INFORMATION SUPPLIED:

Content starts

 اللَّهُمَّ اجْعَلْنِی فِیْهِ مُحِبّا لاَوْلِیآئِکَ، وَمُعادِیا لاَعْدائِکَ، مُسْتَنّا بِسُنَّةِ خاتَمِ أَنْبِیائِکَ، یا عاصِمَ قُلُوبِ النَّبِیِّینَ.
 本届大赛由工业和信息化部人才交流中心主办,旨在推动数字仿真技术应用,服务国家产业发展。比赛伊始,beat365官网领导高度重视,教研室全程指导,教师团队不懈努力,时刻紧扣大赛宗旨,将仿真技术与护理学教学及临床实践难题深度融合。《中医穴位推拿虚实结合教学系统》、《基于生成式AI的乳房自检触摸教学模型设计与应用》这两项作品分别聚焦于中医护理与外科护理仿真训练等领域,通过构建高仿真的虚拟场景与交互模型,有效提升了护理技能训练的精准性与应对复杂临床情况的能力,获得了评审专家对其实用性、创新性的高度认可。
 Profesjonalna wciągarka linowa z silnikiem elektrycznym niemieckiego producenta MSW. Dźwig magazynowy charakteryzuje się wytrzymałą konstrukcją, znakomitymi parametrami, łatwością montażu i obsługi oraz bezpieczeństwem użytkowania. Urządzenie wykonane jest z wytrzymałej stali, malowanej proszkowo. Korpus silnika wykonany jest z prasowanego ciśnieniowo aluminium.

Content ends
Content starts

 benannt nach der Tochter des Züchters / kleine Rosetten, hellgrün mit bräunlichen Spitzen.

Content ends

WHAT TO DO: Print exactly the lines of the listing above starting at the line containing "本届大赛由工业和信息化部人才" and ending at the line containing "Profesjonalna wciągarka linowa", both included.

RESPONSE FOR THIS EXERCISE:
 本届大赛由工业和信息化部人才交流中心主办,旨在推动数字仿真技术应用,服务国家产业发展。比赛伊始,beat365官网领导高度重视,教研室全程指导,教师团队不懈努力,时刻紧扣大赛宗旨,将仿真技术与护理学教学及临床实践难题深度融合。《中医穴位推拿虚实结合教学系统》、《基于生成式AI的乳房自检触摸教学模型设计与应用》这两项作品分别聚焦于中医护理与外科护理仿真训练等领域,通过构建高仿真的虚拟场景与交互模型,有效提升了护理技能训练的精准性与应对复杂临床情况的能力,获得了评审专家对其实用性、创新性的高度认可。
 Profesjonalna wciągarka linowa z silnikiem elektrycznym niemieckiego producenta MSW. Dźwig magazynowy charakteryzuje się wytrzymałą konstrukcją, znakomitymi parametrami, łatwością montażu i obsługi oraz bezpieczeństwem użytkowania. Urządzenie wykonane jest z wytrzymałej stali, malowanej proszkowo. Korpus silnika wykonany jest z prasowanego ciśnieniowo aluminium.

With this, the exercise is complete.